Task statement:
Give back every entry precisely as written, without any of the images.

--- START ---

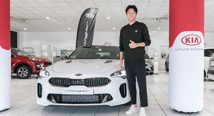 기아자동차는 지난 24일(현지 시각) 프랑스 보르도에 있는 기아자동차 딜러샵에서 황의조 선수에게 기아자동차 프리미엄 스포츠 세단 ‘스팅어’를 전달했다.
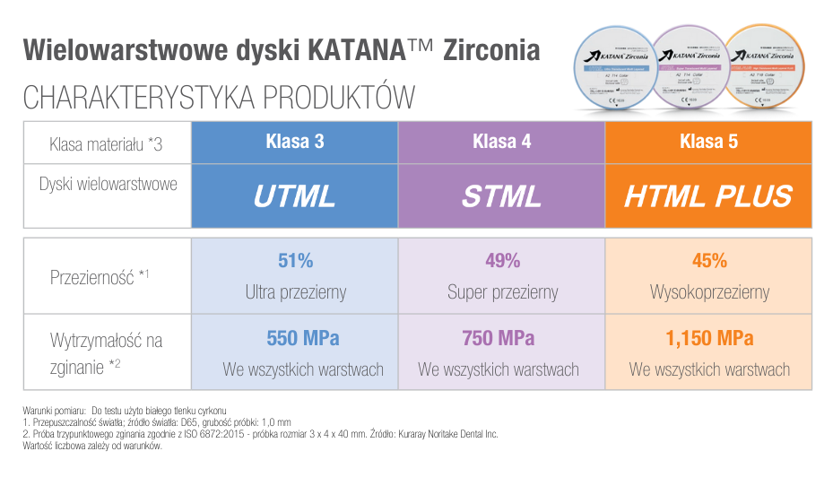 Kiedy firma Kuraray Noritake Dental Inc. zauważyła rosnące zapotrzebowanie na bardziej estetyczne materiały na bazie tlenku cyrkonu i podbudowy o większej przezierności oraz strukturze przypominającej naturalną kolorystykę zęba, postanowiła opracować zupełnie nowy rodzaj tlenku cyrkonu dentystycznego. Firma rozpoczęła tworzenie zaawansowanego procesu produkcji surowców, prasowania i wstępnej synteryzacji we własnym zakresie. Było to podstawą do opracowania pierwszego w branży stomatologicznej wielowarstwowego dysku o płynnej strukturze kolorystycznej i perfekcyjną zgodnością z kolornikiem VITA™. Aby znaleźć najlepsze składniki i procedury wytwarzania, zespół badawczo-rozwojowy eksperymentował z różnymi surowcami, formułami i ziarnistością, opracował sposoby optymalizacji czystości składników oraz skupił się na doskonaleniu jednorodności i gęstości półfabrykatów, a także - oczywiście - integralności różnych warstw. Obecnie dla laboratoriów techniki dentystycznej dostępne są trzy różne produkty oparte na tej oryginalnej technologii wielowarstwowego tlenku cyrkonu: KATANA™ Zirconia UTML, KATANA™ Zirconia STML i KATANA™ Zirconia HTML PLUS. Oferują one różne poziomy przezierności i wytrzymałości na zginanie.
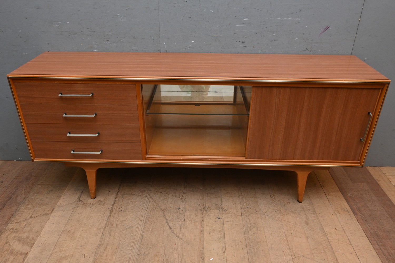 A MID CENTURY MODERNTONE SIDEBOARD WITH FOUR DRAWERS (A/F) (78H X 181W X 42D CM) (PLEASE NOTE THIS HEAVY ITEM MUST BE REMOVED BY CLIENTS OR CARRIERS AT THE CUSTOMERS EXPENSE. LEONARD JOEL STAFF CANNOT ASSIST CARRYING THIS ITEM)
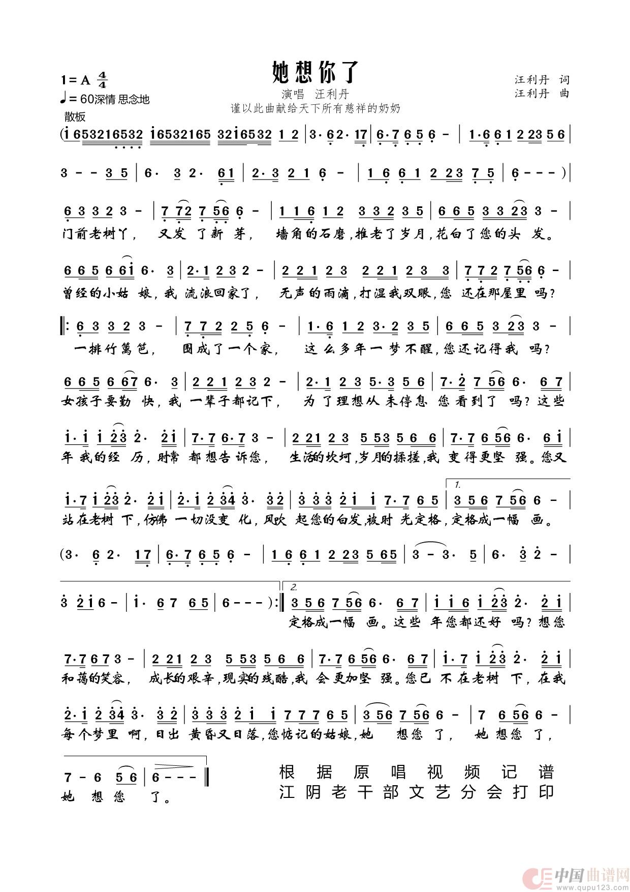 作词:汪利丹 作曲:汪利丹 演唱(奏):汪利丹 来源:根据原唱视频记谱并制谱 上传:终身学习
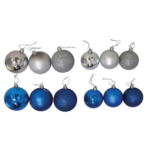 Juego de 24 bolas navidad ø 60 mm. Azul y plata.
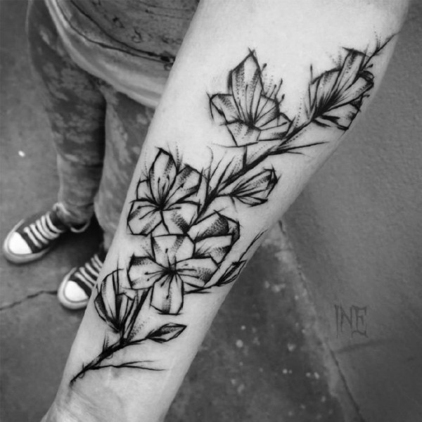 男人大臂黑白彼岸花骷髅_黑白纹身图案大全_纹身图吧
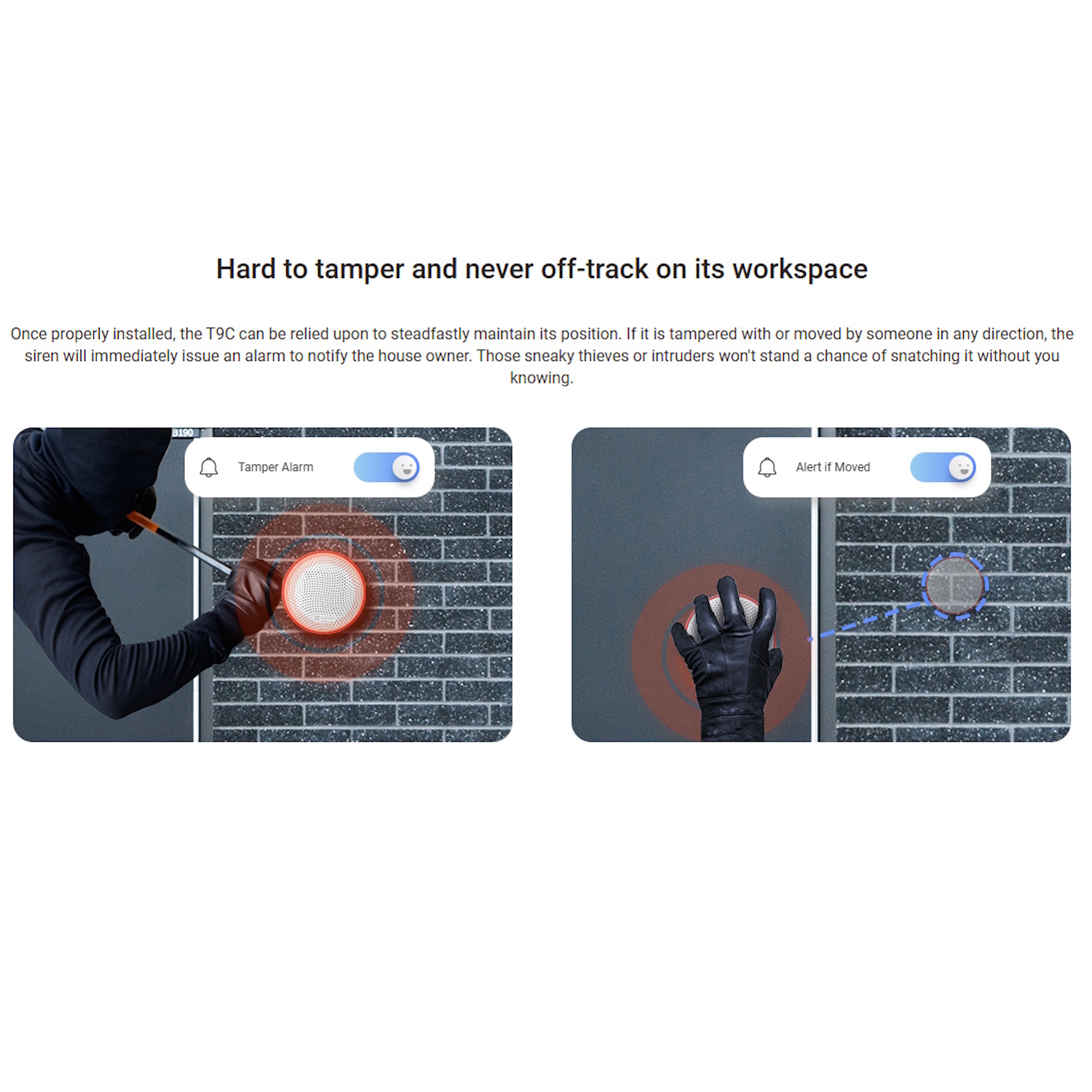 Loud & Customizable Siren – Adjust the alarm volume from 90 to 105dB, ensuring the best deterrence level for your environment.
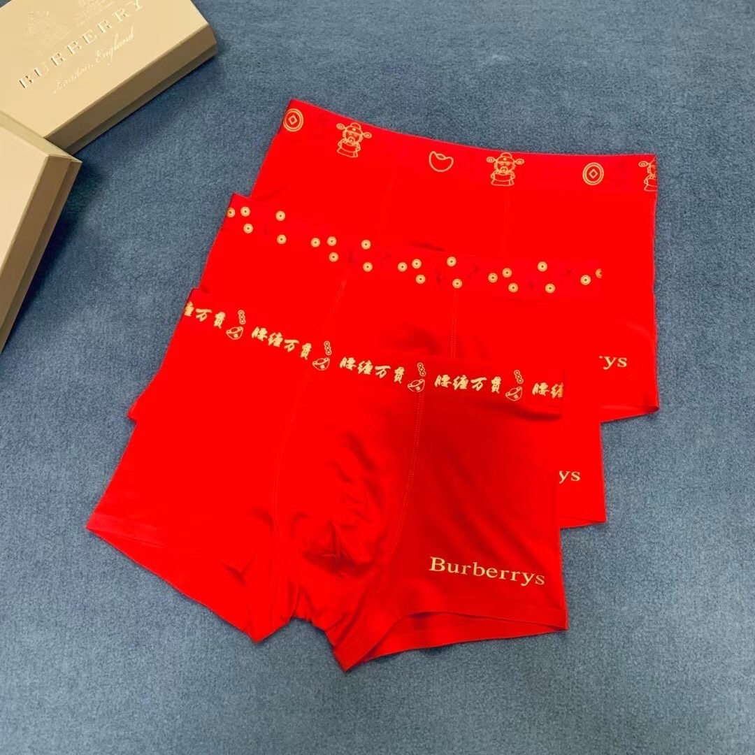 briefs Burberrys Red Lunar Boxer - Celebrate the Lunar New Year in style and comfort with the Burberrys Red Lunar Boxer Briefs. These vibrant red boxer briefs are not only a statement piece but also a symbol of good luck and prosperity. Crafted with premium materials and featuring the iconic Burberrys logo, these boxer briefs offer a luxurious and comfortable fit for everyday wear. The unique design incorporates traditional Lunar New Year motifs, making them a perfect gift or a special treat for yourself. Find more about the history of boxer briefs on product background on Wikipedia.
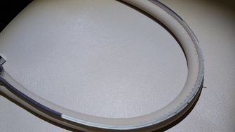 Odlejony lak (lamowanie) na nimał całej długości linii brzegowych uchwytów torebki.
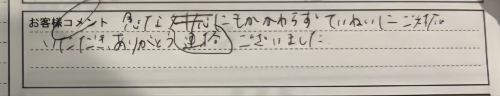 「急な連絡にも関わらずていねいに対応していただきありがとうございました。」
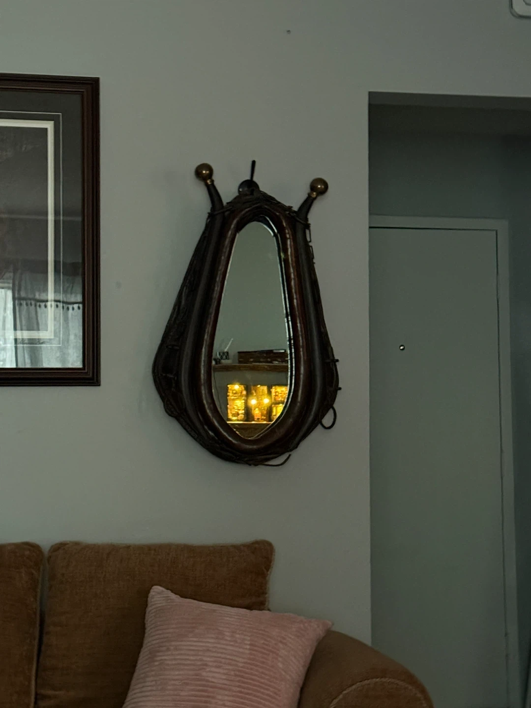 Add a touch of rustic charm to your home with this unique horse collar mirror. It's a real statement piece that's sure to catch the eye. The mirror is in good condition and ready to hang. Perfect for adding a vintage feel to any room!
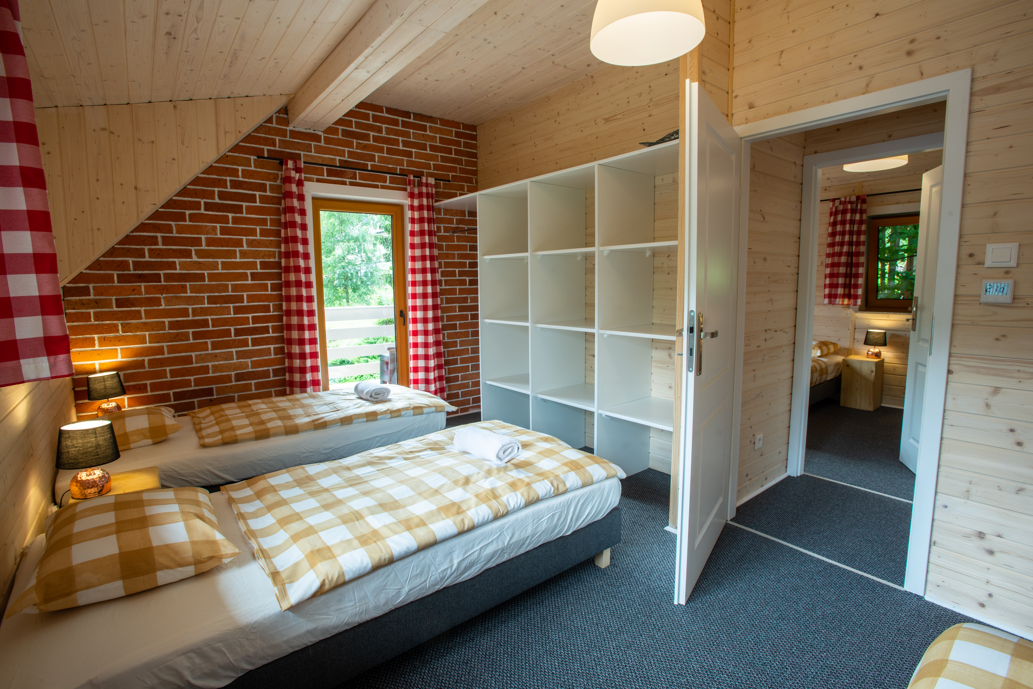 Na piętrze znajdują się dwie sypialnie. Jedna wyposażona jest w jedno łóżko podwójne 140×200 i dwa łóżka pojedyncze 90×200 oraz druga także wyposażona w łóżko podwójne 140×200 i dwa łóżka pojedyncze 90×200. Na parterze opcjonalnie można rozłożyć kanapę narożnikową uzyskując dwa dodatkowe miejsca do spania 140×200. Domek może przyjąć maksymalnie 10 gości, przy czym im mniejsza ilość osób tym bardziej komfortowy pobyt.
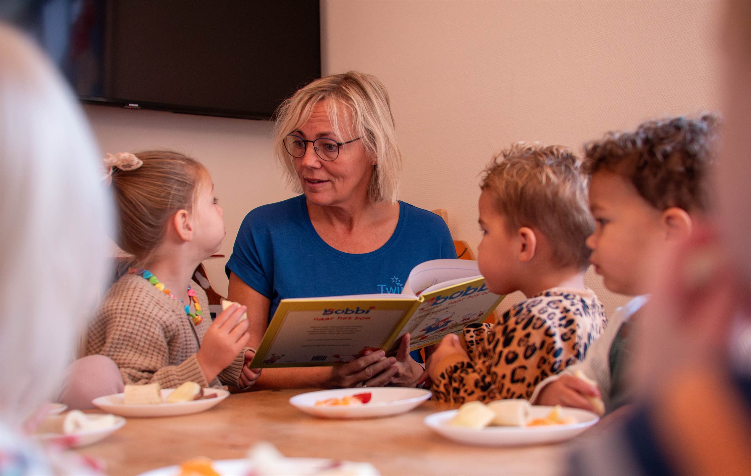 De periode van 0 tot 4 jaar is de meest taalgevoelige leeftijd van een kind. Daarom is het van belang dat er op het kinderdagverblijf aandacht wordt geschonken aan de ontwikkeling van taal en spraak. De omgeving van het kind heeft een grote invloed op die ontwikkeling. Kinderen gaan praten omdat ze in een omgeving verblijven waar met en tegen hen wordt gesproken. Volwassenen spelen daarbij een belangrijke rol. Wij werken volgens het principe: zeggen wat je doet en benoemen wat je ziet. Zo benoemen de leidsters op Kindercentrum Twinkel wat ze zien, voelen of doen, zowel van zichzelf als van de kinderen. Ze doen dat niet alleen in één-op-één situaties met een kind, maar ook in groepsverband.
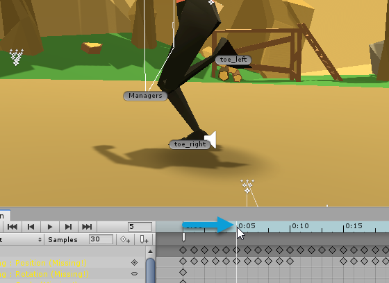 Drag the Timeline Cursor to where the Adventurer is placing her right foot on the ground (0:05).
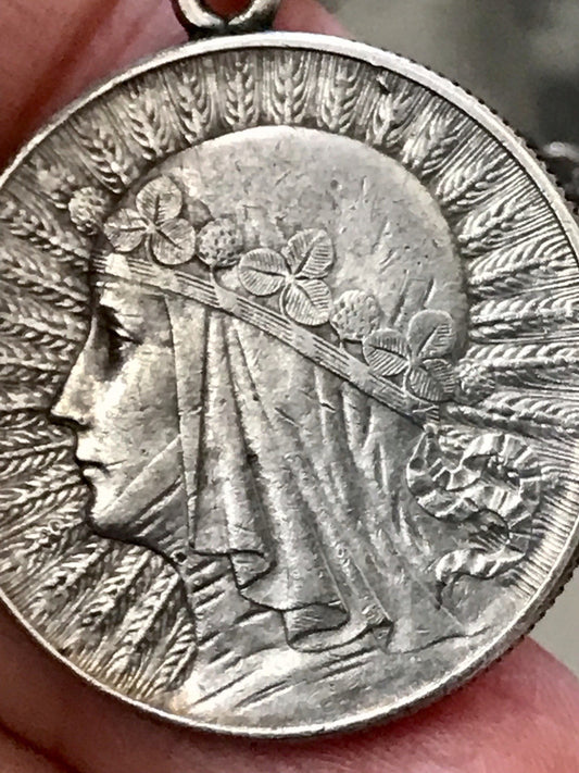 Antik Halskette Münze Jadwiga Polen 1933 Anhänger Kettenanhänger Silber 835
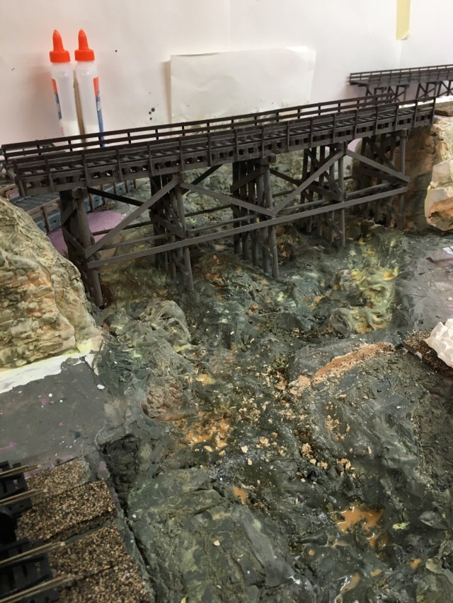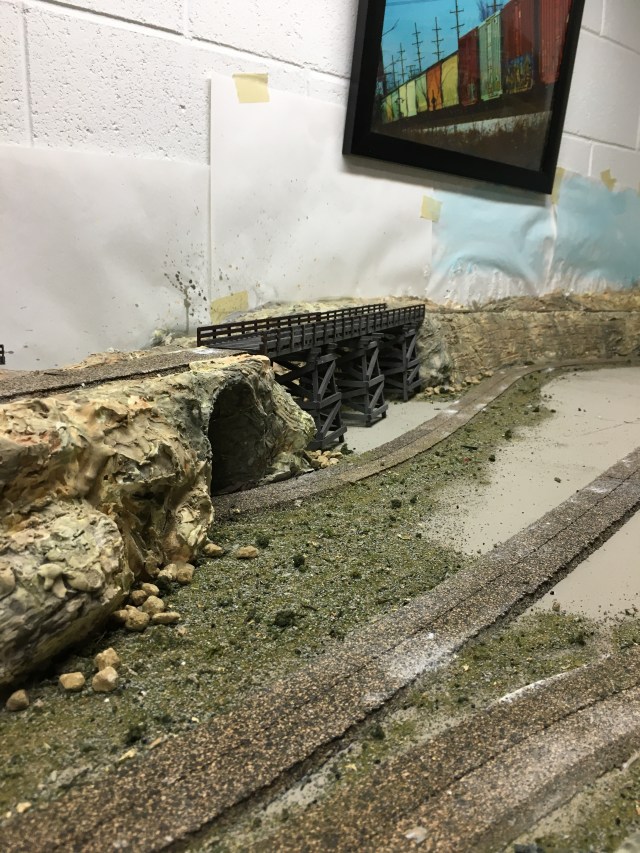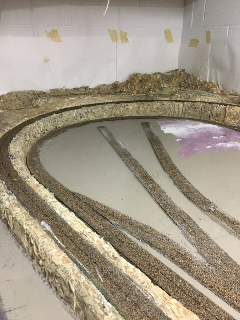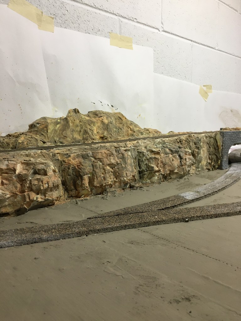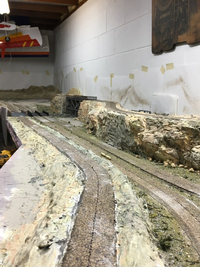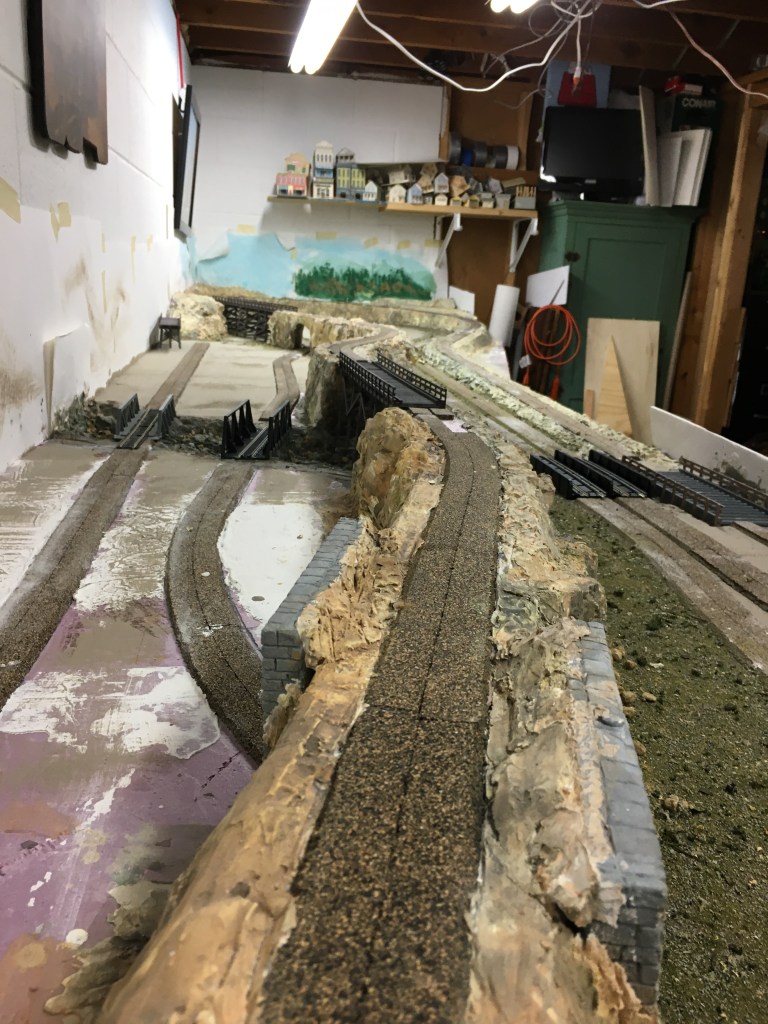 Believe it or not, laying flex-track is easy compared to everything I’ve already done. This is the most detailed layout I have ever built. The biggest challenge remaining is painting the backdrop. The paper visible in some of the photos is just to protect the white walls from plaster and paint splash. I was going to use a paintable material on the wall as a canvass but my daughter, who is an art teacher and accomplished artist, recommends painting directly on the wall. She has even volunteered to paint the backdrop for me. I might want to do it myself. We’ll see.

--- END ---

Written response:
 기아자동차는 지난 24일(현지 시각) 프랑스 보르도에 있는 기아자동차 딜러샵에서 황의조 선수에게 기아자동차 프리미엄 스포츠 세단 ‘스팅어’를 전달했다.
 Kiedy firma Kuraray Noritake Dental Inc. zauważyła rosnące zapotrzebowanie na bardziej estetyczne materiały na bazie tlenku cyrkonu i podbudowy o większej przezierności oraz strukturze przypominającej naturalną kolorystykę zęba, postanowiła opracować zupełnie nowy rodzaj tlenku cyrkonu dentystycznego. Firma rozpoczęła tworzenie zaawansowanego procesu produkcji surowców, prasowania i wstępnej synteryzacji we własnym zakresie. Było to podstawą do opracowania pierwszego w branży stomatologicznej wielowarstwowego dysku o płynnej strukturze kolorystycznej i perfekcyjną zgodnością z kolornikiem VITA™. Aby znaleźć najlepsze składniki i procedury wytwarzania, zespół badawczo-rozwojowy eksperymentował z różnymi surowcami, formułami i ziarnistością, opracował sposoby optymalizacji czystości składników oraz skupił się na doskonaleniu jednorodności i gęstości półfabrykatów, a także - oczywiście - integralności różnych warstw. Obecnie dla laboratoriów techniki dentystycznej dostępne są trzy różne produkty oparte na tej oryginalnej technologii wielowarstwowego tlenku cyrkonu: KATANA™ Zirconia UTML, KATANA™ Zirconia STML i KATANA™ Zirconia HTML PLUS. Oferują one różne poziomy przezierności i wytrzymałości na zginanie.
 A MID CENTURY MODERNTONE SIDEBOARD WITH FOUR DRAWERS (A/F) (78H X 181W X 42D CM) (PLEASE NOTE THIS HEAVY ITEM MUST BE REMOVED BY CLIENTS OR CARRIERS AT THE CUSTOMERS EXPENSE. LEONARD JOEL STAFF CANNOT ASSIST CARRYING THIS ITEM)
 作词:汪利丹 作曲:汪利丹 演唱(奏):汪利丹 来源:根据原唱视频记谱并制谱 上传:终身学习
 Juego de 24 bolas navidad ø 60 mm. Azul y plata.
 男人大臂黑白彼岸花骷髅_黑白纹身图案大全_纹身图吧
 Loud & Customizable Siren – Adjust the alarm volume from 90 to 105dB, ensuring the best deterrence level for your environment.
 briefs Burberrys Red Lunar Boxer - Celebrate the Lunar New Year in style and comfort with the Burberrys Red Lunar Boxer Briefs. These vibrant red boxer briefs are not only a statement piece but also a symbol of good luck and prosperity. Crafted with premium materials and featuring the iconic Burberrys logo, these boxer briefs offer a luxurious and comfortable fit for everyday wear. The unique design incorporates traditional Lunar New Year motifs, making them a perfect gift or a special treat for yourself. Find more about the history of boxer briefs on product background on Wikipedia.
 Odlejony lak (lamowanie) na nimał całej długości linii brzegowych uchwytów torebki.
 「急な連絡にも関わらずていねいに対応していただきありがとうございました。」
 Add a touch of rustic charm to your home with this unique horse collar mirror. It's a real statement piece that's sure to catch the eye. The mirror is in good condition and ready to hang. Perfect for adding a vintage feel to any room!
 Na piętrze znajdują się dwie sypialnie. Jedna wyposażona jest w jedno łóżko podwójne 140×200 i dwa łóżka pojedyncze 90×200 oraz druga także wyposażona w łóżko podwójne 140×200 i dwa łóżka pojedyncze 90×200. Na parterze opcjonalnie można rozłożyć kanapę narożnikową uzyskując dwa dodatkowe miejsca do spania 140×200. Domek może przyjąć maksymalnie 10 gości, przy czym im mniejsza ilość osób tym bardziej komfortowy pobyt.
 De periode van 0 tot 4 jaar is de meest taalgevoelige leeftijd van een kind. Daarom is het van belang dat er op het kinderdagverblijf aandacht wordt geschonken aan de ontwikkeling van taal en spraak. De omgeving van het kind heeft een grote invloed op die ontwikkeling. Kinderen gaan praten omdat ze in een omgeving verblijven waar met en tegen hen wordt gesproken. Volwassenen spelen daarbij een belangrijke rol. Wij werken volgens het principe: zeggen wat je doet en benoemen wat je ziet. Zo benoemen de leidsters op Kindercentrum Twinkel wat ze zien, voelen of doen, zowel van zichzelf als van de kinderen. Ze doen dat niet alleen in één-op-één situaties met een kind, maar ook in groepsverband.
 Drag the Timeline Cursor to where the Adventurer is placing her right foot on the ground (0:05).
 Antik Halskette Münze Jadwiga Polen 1933 Anhänger Kettenanhänger Silber 835
 Believe it or not, laying flex-track is easy compared to everything I’ve already done. This is the most detailed layout I have ever built. The biggest challenge remaining is painting the backdrop. The paper visible in some of the photos is just to protect the white walls from plaster and paint splash. I was going to use a paintable material on the wall as a canvass but my daughter, who is an art teacher and accomplished artist, recommends painting directly on the wall. She has even volunteered to paint the backdrop for me. I might want to do it myself. We’ll see.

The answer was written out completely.